Within hours, RSF fighters were storming homes, demanding phones at gunpoint and looting property.
Satellite imagery analysed by Yale University’s Humanitarian Research Lab, which has been monitoring the war in Sudan, identified at least 150 clusters of objects consistent with human remains between October 26 and November 1.
Researchers documented systematic efforts to destroy evidence through burning and burial, with RSF vehicles present near the sites.
Sarra Majdoub, a former UN Security Council expert on Sudan, said in a post on X that a “machinery of disappearance” had been operating in the aftermath of the fall of the city, with thousands unaccounted for.
Ibrahim, the doctor, was also held by RSF fighters after being captured, with the fighters demanding a ransom. “I didn’t want to tell them I was a doctor, because they exploited doctors,” he said.
After negotiating his ransom down from a $20,000 initial demand, his family paid $8,000 for his release, the AP report said.
The International Organization for Migration reported that more than 26,000 people fled el-Fasher in just two days following the October 26 takeover, with at least 106,387 people displaced by late November.

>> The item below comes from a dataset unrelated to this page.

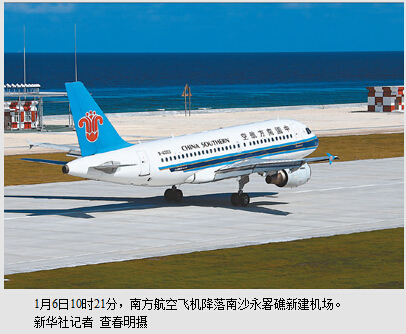 新华社海口1月6日电 (记者刘奕湛、赵颖全)2016年1月6日,中国政府征用的两架民航客机先后从海口美兰机场起飞,经过近2小时的飞行于10时21分、10时46分平稳降落南沙永暑礁新建机场并于当日下午返回海口,试飞成功。

The United States, United Kingdom and European Union have imposed sanctions on RSF commanders in recent months.
Nazhat Shameem Khan, deputy prosecutor of the International Criminal Court, said war crimes and crimes against humanity were committed in el-Fasher “as a culmination of the city’s siege by the Rapid Support Forces”.
“The picture that’s emerging is appalling,” she told the UN Security Council last week, adding that “organised, widespread mass criminality” has been used “to assert control”.